The most recent came at the end of last week from the IHS Markit’s Purchasing Managers’ Index which indicates that Britain’s decision to leave the EU has led to a ‘dramatic deterioration’ in economic activity, not seen since the aftermath of the 2008 financial crisis.
The data shows a fall in both manufacturing and service sectors and is described as the first significant set of data measuring business reaction to the referendum result. The figures displayed in PMI surveys are generally viewed as being reliable and an authoritative indicator of economic predictions.

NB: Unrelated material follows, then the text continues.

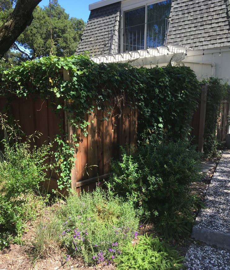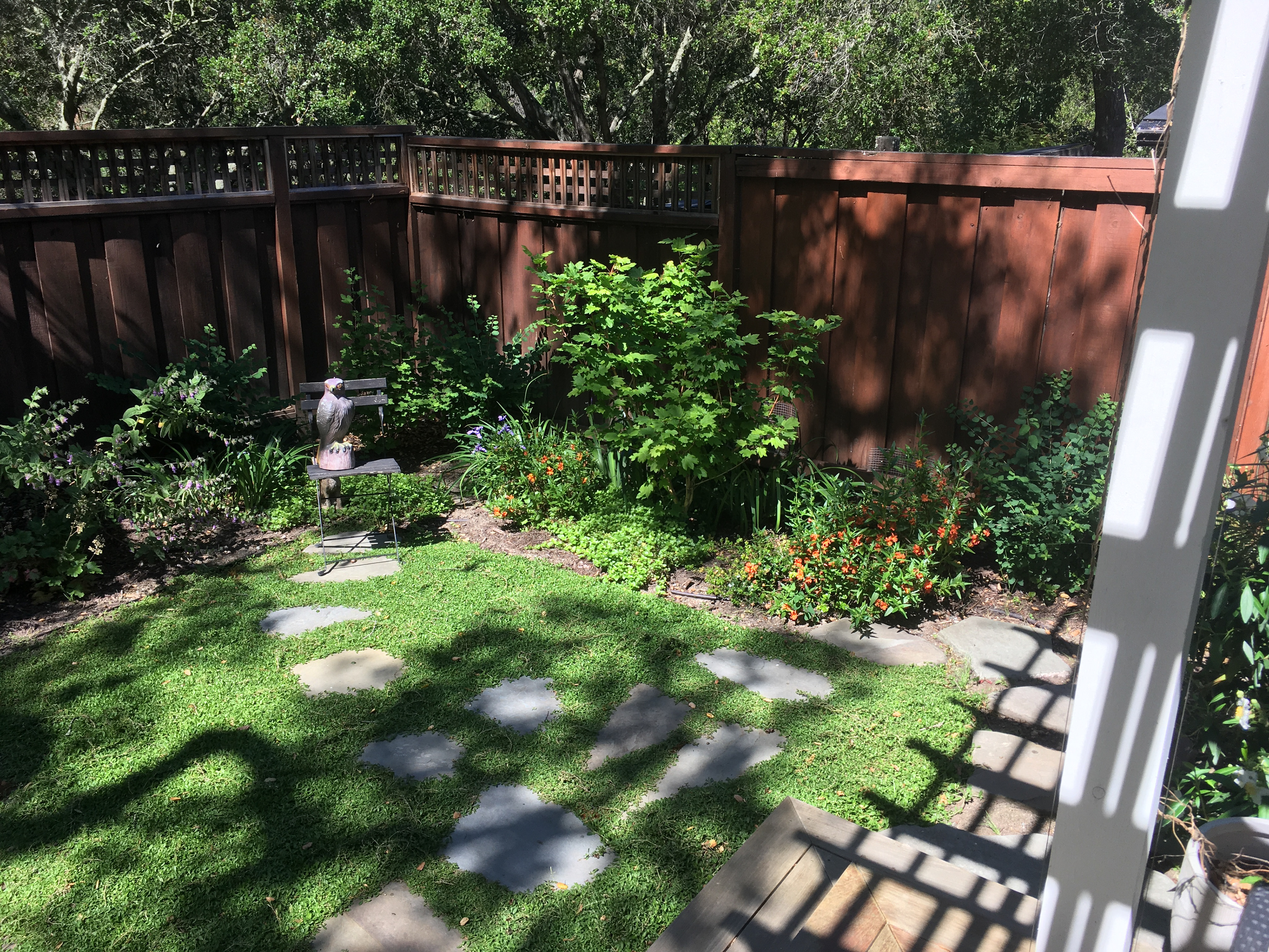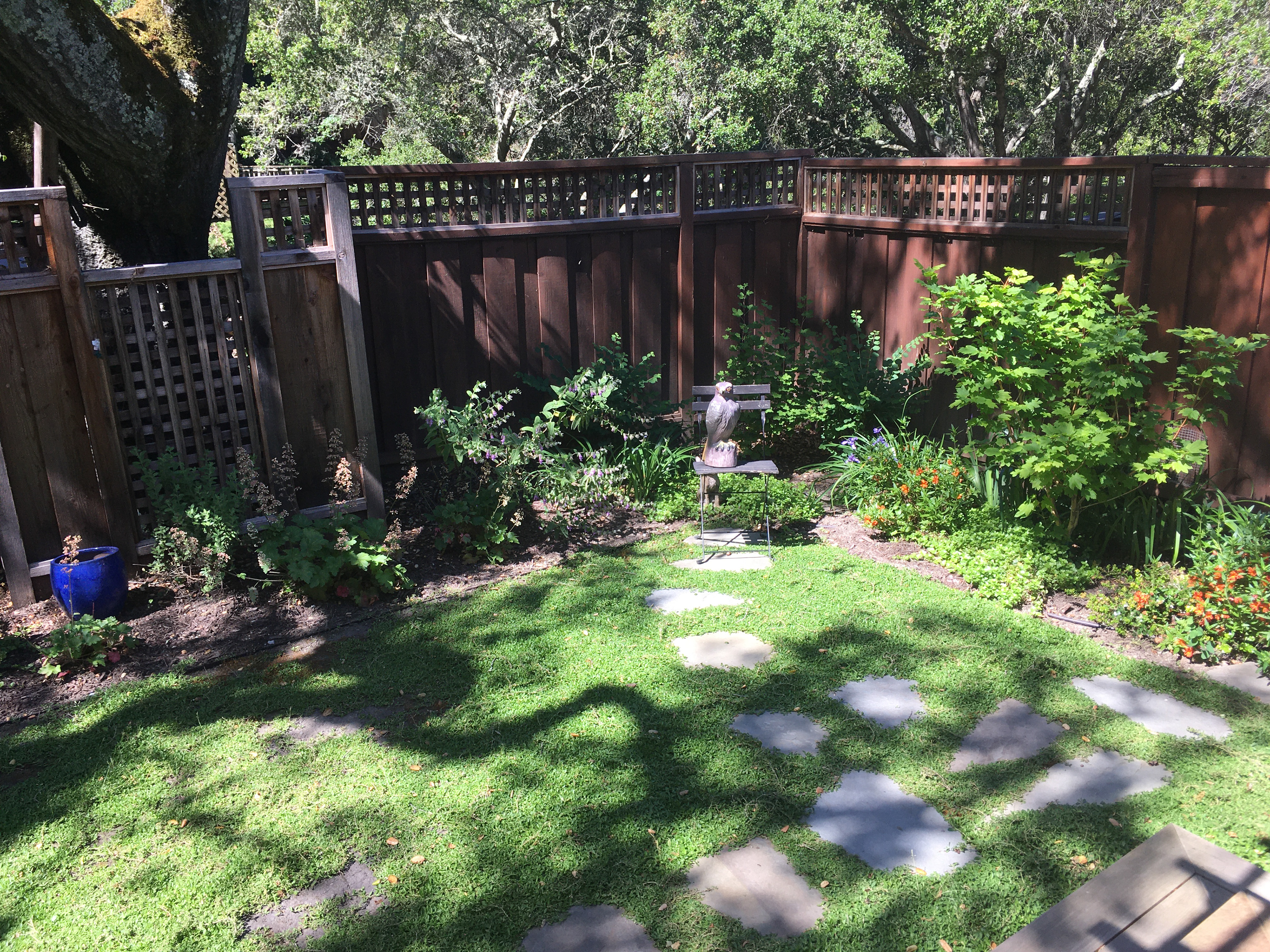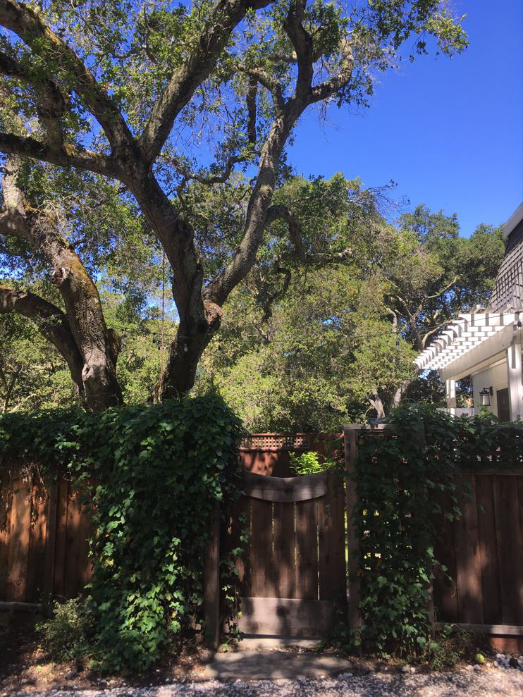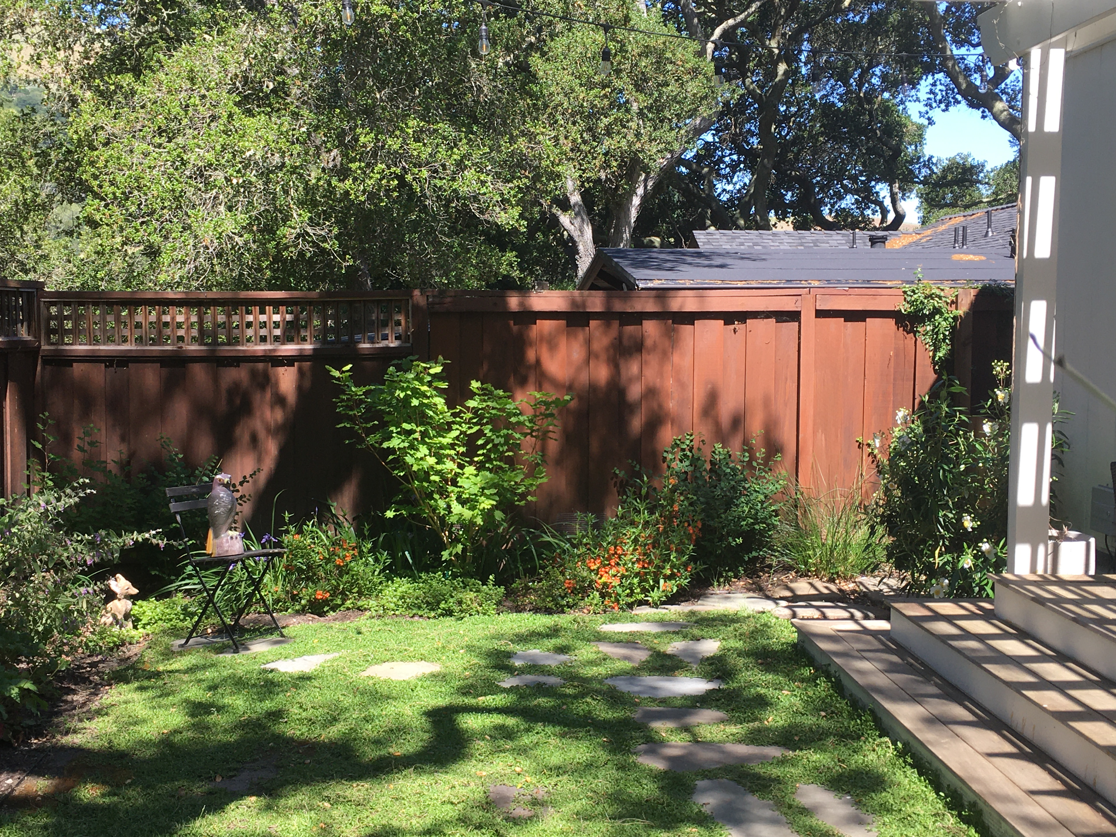 An grand old Coast Live Oak stands sentinel over this tiny garden, providing an opportunity to create a shady low-water native plant habitat (Vine Maple, Snowberry, Sword Ferns, Douglas Iris, Pitcher Sage, Coral Bells etc.), as well as a small family play space using drought-tolerant Kurapia. The mansard roof and Live Oak provided the opportunity to play with scale, form and enclosure using new carpentry elements to create a sweet private refuge outside the home's living room doors.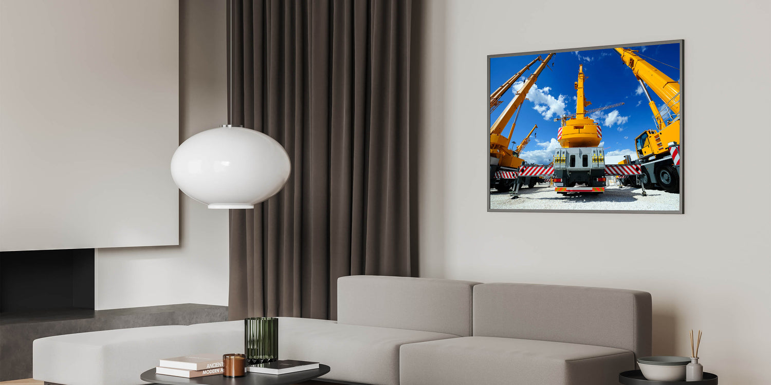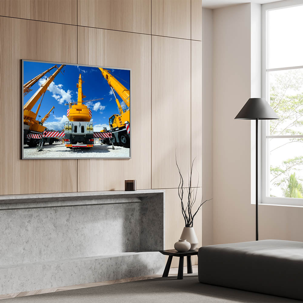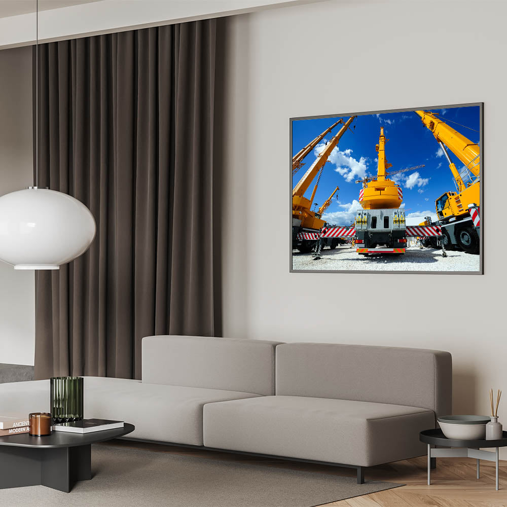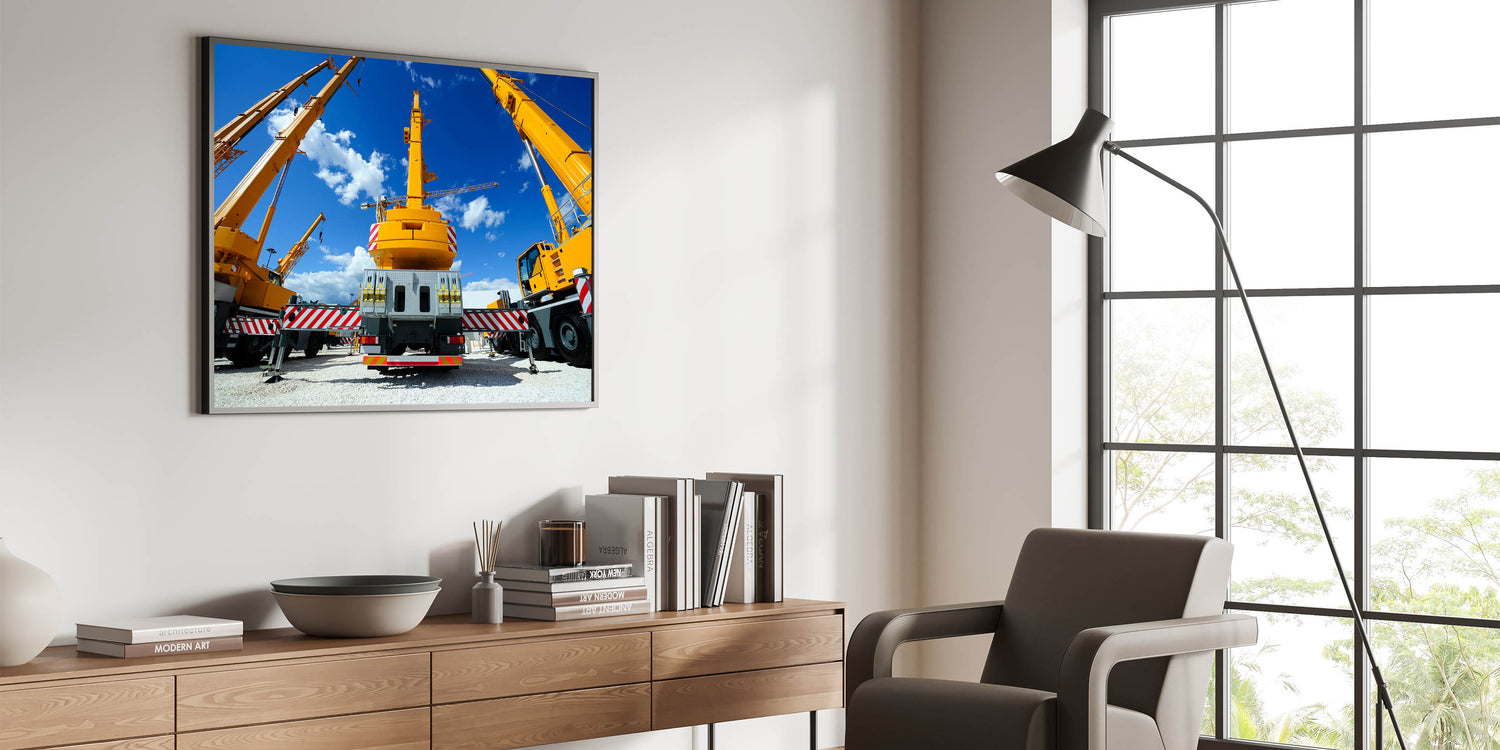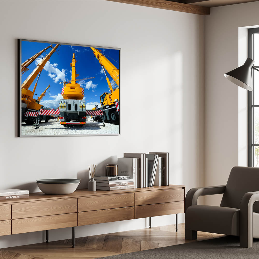 Elevate your space with the dynamic energy of our Construction Cranes Wall Art. This vibrant piece captures the impressive scale and precision of heavy-duty construction cranes against a backdrop of clear blue skies. Perfect for those who admire the engineering marvels of construction sites, this artwork brings a powerful industrial vibe to any room. Whether you’re a construction professional, an engineer, or simply a fan of heavy machinery, this print will make a bold statement in your decor.

This outlook came just after the IMF’s World Economic Outlook report slashed its growth forecasts, saying its prediction for the UK in 2017 was now a 1.3 per cent cut, down from the 2.2 per cent.
But there have been contradictory statements. The Bank of England admitted it saw ‘no evidence’ of a sharp economic slowdown and positive employment figures in the UK showed record numbers of people in work.
And perhaps in a desperate attempt to glimpse and portray a silver lining, it was reported that Britain was undergoing a staycation boom, with the tourism industry in particular set to reap the benefits of millions of people now choosing to holiday at home rather than travelling abroad thanks to the weakness of pound sterling.
The first point to consider is that predictions are just that, a prediction or an estimate on the economic outlook. And indicators only say how people think they might act; in these uncertain times such sets of data are more of a gamble than ever.
It is probably much better to concentrate on what has actually happened, although it is still very early to see all the consequences and implications coming through in the data.
In the first half of 2016, figures show that the global economy did better than expected, with stronger than forecasted growth in the Eurozone area and Japan, as well as a partial recovery in commodity prices.
The fall of the pound has already had an effect, making companies in the UK more attractive for takeover by foreign firms. ARM Holdings, one of the UK’s biggest technology companies, based in Cambridge, is to be bought by Japan’s Softbank in a £24 billion deal. Stirling-based Supaglass, the UK’s largest independent glass wool maker, is set to be purchased by one of Russia’s largest roofing and insulation groups in a deal reputedly worth around £8 million.
According to figures compiled by the chief statistician in Scotland, there was no growth in the Scottish economy in the first three months of this year. Overall, however, UK GDP grew by 0.4 per cent over the same period.
The expression ‘swings and roundabouts’ could have been coined to describe the economy. It undoubtedly varies and no-one can be certain of any set of predictions: many factors which will affect the British economy are beyond are control and not affected by Brexit at all.
Notwithstanding, though, any reasonable prudent or objective view would have to conclude that the prospects for UK growth are not looking particularly good either for the short or medium-term.